- **PROBLEM TO SOLVE**
Please repeat the data below exactly, with the pictures removed.

- **INFORMATION SUPPLIED**

□ □ □

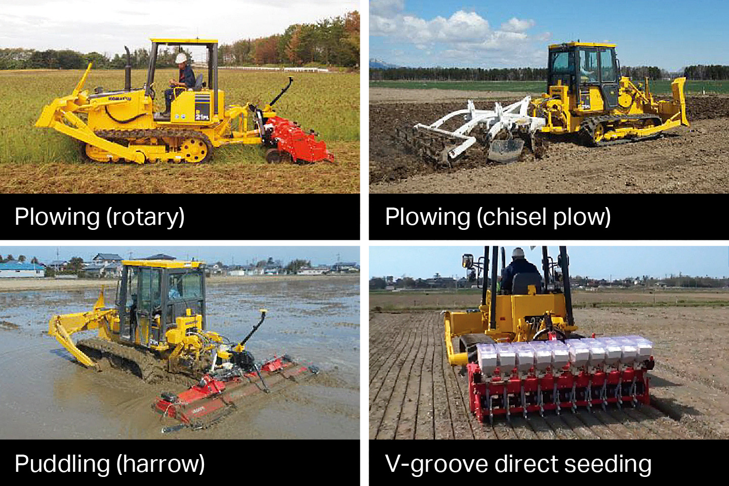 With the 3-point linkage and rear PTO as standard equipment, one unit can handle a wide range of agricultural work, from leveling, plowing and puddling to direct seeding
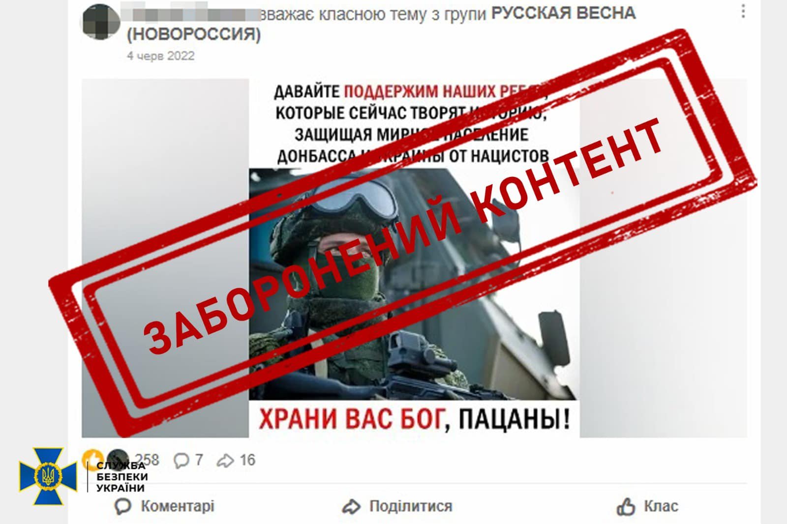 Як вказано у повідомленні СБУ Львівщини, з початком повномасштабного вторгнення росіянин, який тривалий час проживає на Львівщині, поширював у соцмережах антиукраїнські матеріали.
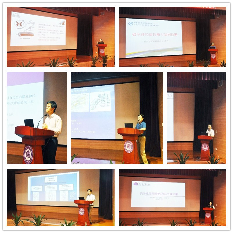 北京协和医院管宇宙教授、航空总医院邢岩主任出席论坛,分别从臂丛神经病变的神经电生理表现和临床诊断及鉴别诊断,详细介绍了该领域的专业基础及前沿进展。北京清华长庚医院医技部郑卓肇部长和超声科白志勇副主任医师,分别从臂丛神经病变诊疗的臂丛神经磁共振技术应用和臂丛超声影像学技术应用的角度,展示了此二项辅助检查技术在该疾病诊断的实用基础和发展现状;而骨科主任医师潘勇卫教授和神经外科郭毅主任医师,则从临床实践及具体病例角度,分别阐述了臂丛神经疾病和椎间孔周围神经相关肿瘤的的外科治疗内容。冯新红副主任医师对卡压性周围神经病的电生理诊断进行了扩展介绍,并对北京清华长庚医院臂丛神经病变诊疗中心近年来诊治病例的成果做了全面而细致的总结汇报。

□ □ □

- **RESPONSE TO THE EXERCISE**
 With the 3-point linkage and rear PTO as standard equipment, one unit can handle a wide range of agricultural work, from leveling, plowing and puddling to direct seeding
 Як вказано у повідомленні СБУ Львівщини, з початком повномасштабного вторгнення росіянин, який тривалий час проживає на Львівщині, поширював у соцмережах антиукраїнські матеріали.
 北京协和医院管宇宙教授、航空总医院邢岩主任出席论坛,分别从臂丛神经病变的神经电生理表现和临床诊断及鉴别诊断,详细介绍了该领域的专业基础及前沿进展。北京清华长庚医院医技部郑卓肇部长和超声科白志勇副主任医师,分别从臂丛神经病变诊疗的臂丛神经磁共振技术应用和臂丛超声影像学技术应用的角度,展示了此二项辅助检查技术在该疾病诊断的实用基础和发展现状;而骨科主任医师潘勇卫教授和神经外科郭毅主任医师,则从临床实践及具体病例角度,分别阐述了臂丛神经疾病和椎间孔周围神经相关肿瘤的的外科治疗内容。冯新红副主任医师对卡压性周围神经病的电生理诊断进行了扩展介绍,并对北京清华长庚医院臂丛神经病变诊疗中心近年来诊治病例的成果做了全面而细致的总结汇报。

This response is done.